Colt: For the last two seasons, the ceiling of this team was directly connected to the defense. Jake Spavital’s offense and a nationally recognized special teams group did everything they could to pull the team out of mediocrity. In 2024, it pushed them about it as far as it could. In 2025, a year that didn’t meet offensive expectations, it couldn’t carry the team to a bowl game. 

That means, for me at least, all eyes are on Joe Klanderman’s defense in Year 1. If he has anywhere as close to the impact that Spavital did in 2024, and Spavital can even put what he did on the field in 2025, that’s a great recipe for success. A top 30 offense, a top 50 defense and a special teams inside the top 25 is a recipe for a massive rebound year. 

But I’m not fooling myself either to think that we will learn much about this team in the spring. For several years now, we haven’t been able to watch anything of substance in media windows, and the spring scrimmages are a lot like what the NFL’s Pro Bowl used to be before it switched to skills events. 

If you trust Klanderman’s evaluations, which he had a lot of control over, then that’s probably your best indicator of what is to come. KSU did a great job of that while he was on staff. Let’s see if he can bring some magic sauce to Waco. 

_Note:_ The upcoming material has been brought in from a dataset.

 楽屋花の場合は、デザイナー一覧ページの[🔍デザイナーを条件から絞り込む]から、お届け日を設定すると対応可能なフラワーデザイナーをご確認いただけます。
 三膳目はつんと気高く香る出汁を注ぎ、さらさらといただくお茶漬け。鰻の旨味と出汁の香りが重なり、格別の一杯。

Grayson: The biggest thing I want to see and hear about is the identity of the defense under new defensive coordinator Joe Klanderman. Baylor has frankly been lost and weak on the defensive side of the ball for multiple seasons now. I would like to see that change. A refocused unit with a new leader and hopefully a strong offseason in the weight room could lead to a big one-year shift.

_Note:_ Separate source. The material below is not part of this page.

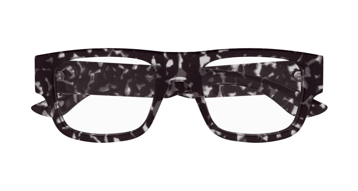 The McQueen logo story is characterized by a distinctive yet easy-to-wear design with visible branding. The bold volumes of the acetate front are combined with injected temples. A classic, masculine rectangular design. The new McQueen logo is applied to the temples with a metallic adhesive.

Head coach Dave Aranda has tried a lot of things in his career on both sides of the ball, some of which have worked while others have not. He figured out the offense with Jake Spavital in 2024, and now hopefully he can do the same with Joe Klanderman in 2026.

Specifically, I would like to hear a lot about the defensive line being one of the strongest units on the team, the defense's attacking style forcing sacks and turnovers, a competent run defense and a healthy number of leaders emerging. You can’t hope to have all the answers in the spring, but a consistent identity that is being formulated at this stage should be expected and seen as the DNA of the defense for the 2026 season.